« Quels sont les risques professionnels liés à l'application des pesticides ? Peut-on travailler sans s'exposer ? » Ces deux questions étaient le thème d'un colloque qui a eu lieu le 6 mai (1), à Paris. Des institutions, des prescripteurs et des chercheurs sont venus en débattre.
Alain Garrigou, du laboratoire santé travail environnement de l'université de Bordeaux 1 et 2, a fait une intervention remarquée. Ce chercheur a travaillé avec les viticulteurs et observé la manière dont ils travaillent. Il en a tiré de nombreux enseignements : « Au niveau de la prévention, on a longtemps considéré que le viticulteur était le maillon faible de la chaîne. » En clair, qu'il n'applique pas les consignes de prudence édictée par des spécialistes. « Cette conception a fait son temps, a poursuivi Alain Garrigou. Si l'on veut changer les comportements, il faut intégrer l'ensemble des acteurs de la filière », depuis les firmes phytosanitaires jusqu'aux fabricants de matériel.
Les joints de vitres se rétractent sous la chaleur
Second constat : « On a beaucoup centré la prévention sur les EPI (Equipement de protection individuel).
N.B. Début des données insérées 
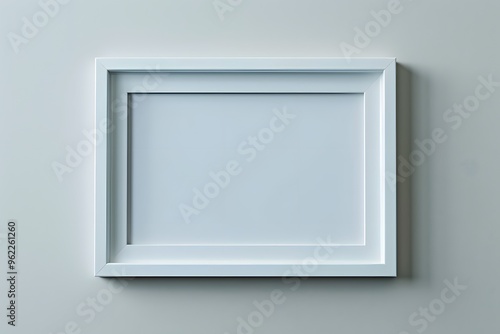 An overhead 3D view of a minimalist white picture frame on a plain background. The high key lighting highlights the frame's sleek edges and smooth finish, emphasizing a clean and modern look.
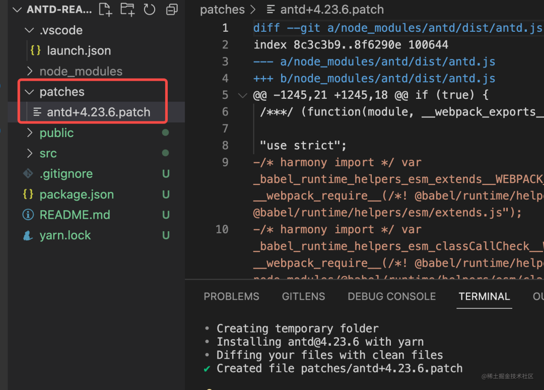 patch 文件里记录了你对 antd 包的改动,这个可以上传到 git 仓库,其他小伙伴拉下来再执行 npx patch-package 就会自动应用这些改动。

Or, ceux-ci ne protègent pas à 100 %. Certes, mettre des EPI est important, mais il y a d'abord beaucoup de choses à faire au niveau de l'organisation du travail et de la conception des matériels. »
Alain Garrigou a ajouté que les cabines ne protègent pas non plus totalement. Il a expliqué que des constructeurs n'ont pas pensé à mettre des essuie-glaces sur les vitres des tracteurs. Au cours d'un traitement, ces dernières sont vite recouvertes de produit et les viticulteurs sont obligés de les ouvrir pour voir clair. Il a aussi souligné que des joints de vitre se rétractent sous l'effet de la chaleur, laissant pénétrer des embruns. Il a, en outre, mentionné les problèmes d'accessibilité à l'orifice de remplissage de certains pulvérisateurs, tout en soulignant qu'« il est inacceptable d'avoir de tels défauts, surtout sur les matériels récents ».
Pour le chercheur, il est essentiel de mettre le viticulteur au centre du dispositif de prévention : « Il faut l'aider à découvrir quelles sont les occasions au cours desquelles il se contamine. » Il a aussi précisé qu'il est nécessaire de modifier les normes de perméabilité des combinaisons et que c'est aux fabricants de produits phytosanitaires d'inscrire précisément sur leurs produits les équipements de protection les mieux indiqués. Des propos remplis de bon sens.
(1) Colloque organisé par le réseau Anact, avec l'Agence française de sécurité sanitaire et de l'environnement (Afsset), la MSA et la Caisse nationale de retraite des agents des collectivités locales (CNRACL).